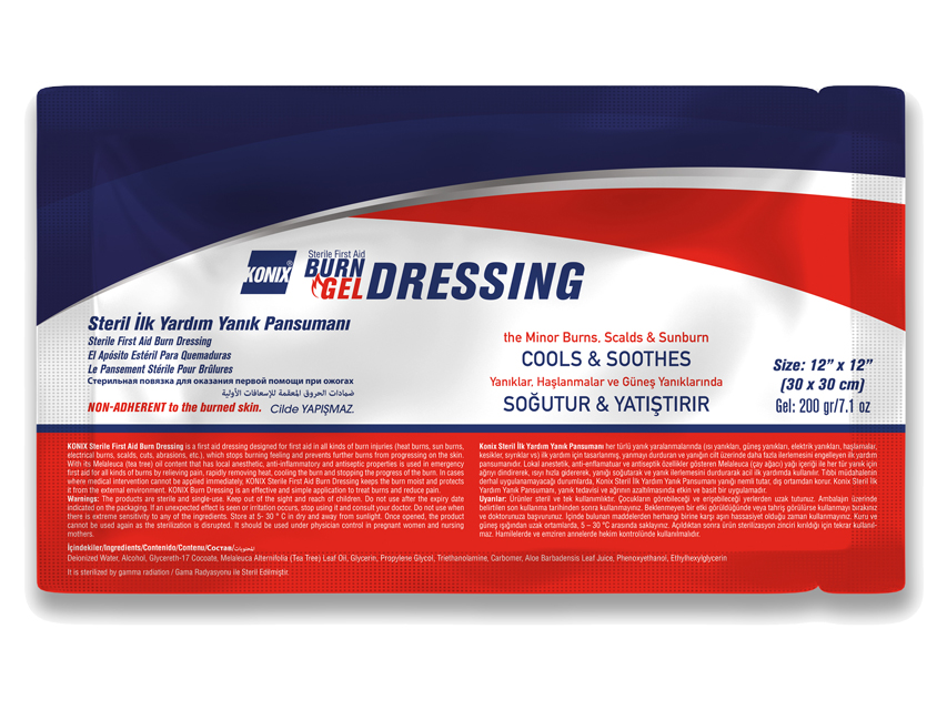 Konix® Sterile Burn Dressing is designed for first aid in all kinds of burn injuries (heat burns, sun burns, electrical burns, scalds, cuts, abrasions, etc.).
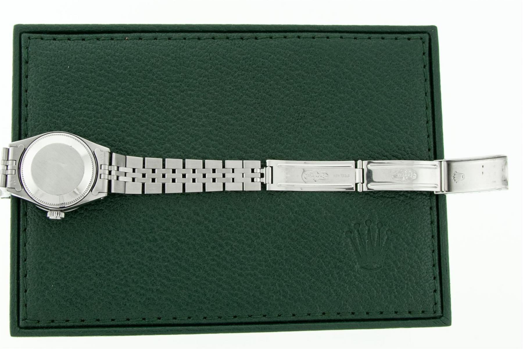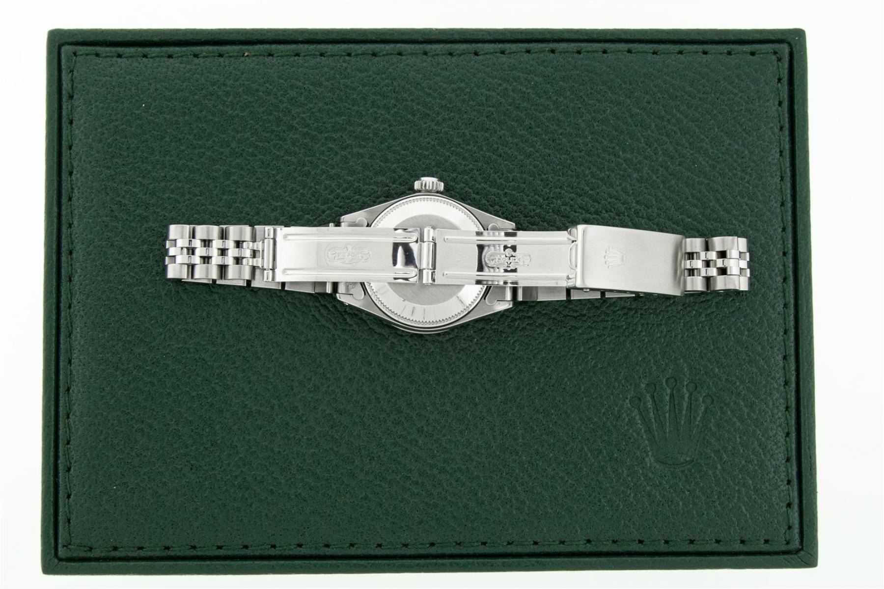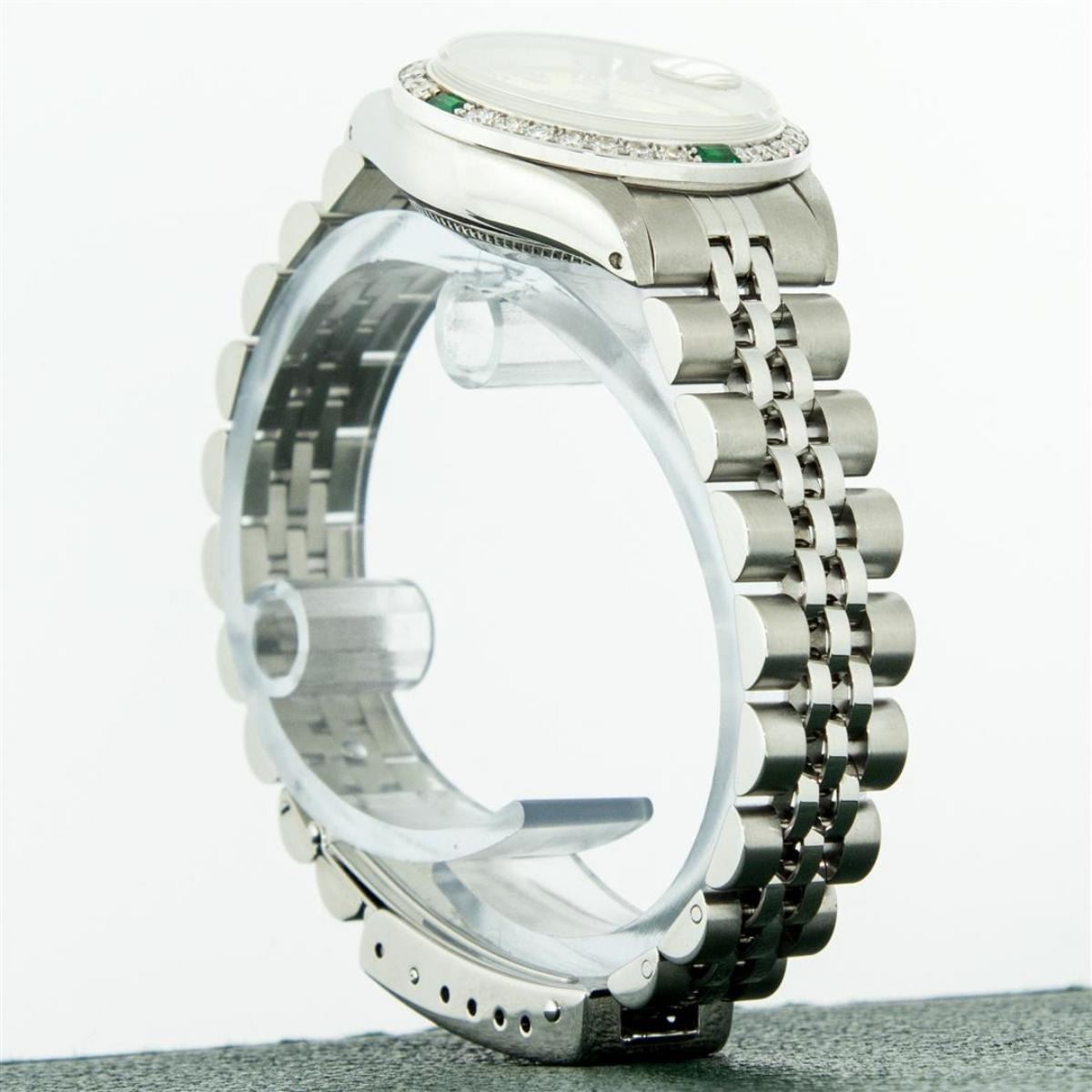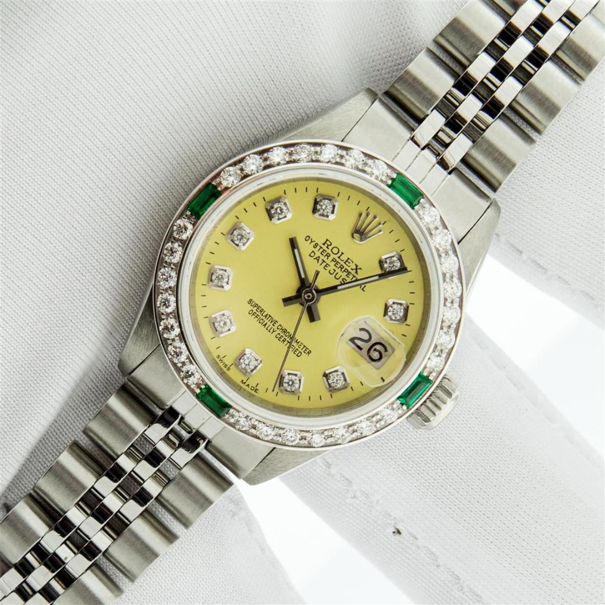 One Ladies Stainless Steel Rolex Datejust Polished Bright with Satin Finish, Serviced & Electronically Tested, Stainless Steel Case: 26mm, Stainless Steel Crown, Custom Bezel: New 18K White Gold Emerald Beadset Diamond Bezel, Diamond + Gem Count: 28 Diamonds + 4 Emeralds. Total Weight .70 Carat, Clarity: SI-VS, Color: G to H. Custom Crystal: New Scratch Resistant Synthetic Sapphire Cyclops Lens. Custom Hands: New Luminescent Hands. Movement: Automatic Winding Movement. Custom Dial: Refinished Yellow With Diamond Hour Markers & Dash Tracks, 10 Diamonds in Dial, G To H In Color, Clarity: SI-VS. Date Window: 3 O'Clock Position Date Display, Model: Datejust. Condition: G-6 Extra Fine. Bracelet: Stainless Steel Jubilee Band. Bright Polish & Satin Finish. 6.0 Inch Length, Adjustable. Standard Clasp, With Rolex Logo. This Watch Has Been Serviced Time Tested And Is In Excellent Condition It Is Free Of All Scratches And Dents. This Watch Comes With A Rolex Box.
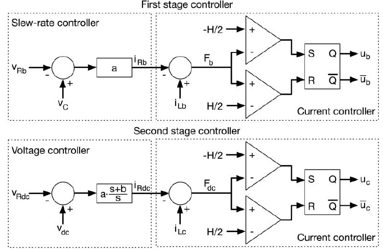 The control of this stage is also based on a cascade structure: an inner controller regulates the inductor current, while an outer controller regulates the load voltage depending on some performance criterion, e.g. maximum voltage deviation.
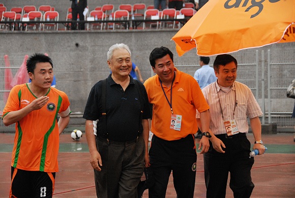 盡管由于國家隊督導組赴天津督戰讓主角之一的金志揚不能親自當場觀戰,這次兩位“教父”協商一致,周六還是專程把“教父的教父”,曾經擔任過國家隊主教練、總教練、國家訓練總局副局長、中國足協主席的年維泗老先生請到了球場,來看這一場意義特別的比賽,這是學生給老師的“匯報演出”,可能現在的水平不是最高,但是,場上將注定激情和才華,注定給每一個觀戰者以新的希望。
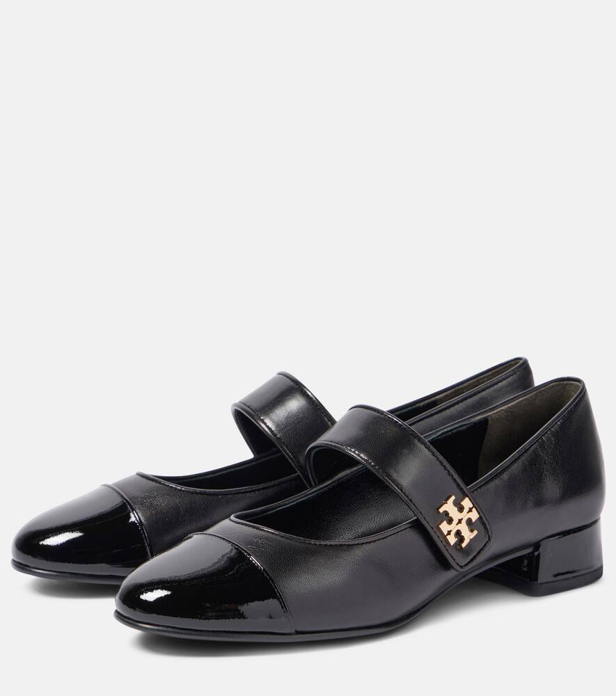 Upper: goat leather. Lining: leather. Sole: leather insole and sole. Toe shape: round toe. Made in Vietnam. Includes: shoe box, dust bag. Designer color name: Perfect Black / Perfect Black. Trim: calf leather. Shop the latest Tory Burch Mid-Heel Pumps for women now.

Brief:
The exact lines from the one containing "The control of" through the end of the data are to be copied, with both ends kept and pictures left out.

Answer area:
 The control of this stage is also based on a cascade structure: an inner controller regulates the inductor current, while an outer controller regulates the load voltage depending on some performance criterion, e.g. maximum voltage deviation.
 盡管由于國家隊督導組赴天津督戰讓主角之一的金志揚不能親自當場觀戰,這次兩位“教父”協商一致,周六還是專程把“教父的教父”,曾經擔任過國家隊主教練、總教練、國家訓練總局副局長、中國足協主席的年維泗老先生請到了球場,來看這一場意義特別的比賽,這是學生給老師的“匯報演出”,可能現在的水平不是最高,但是,場上將注定激情和才華,注定給每一個觀戰者以新的希望。
 Upper: goat leather. Lining: leather. Sole: leather insole and sole. Toe shape: round toe. Made in Vietnam. Includes: shoe box, dust bag. Designer color name: Perfect Black / Perfect Black. Trim: calf leather. Shop the latest Tory Burch Mid-Heel Pumps for women now.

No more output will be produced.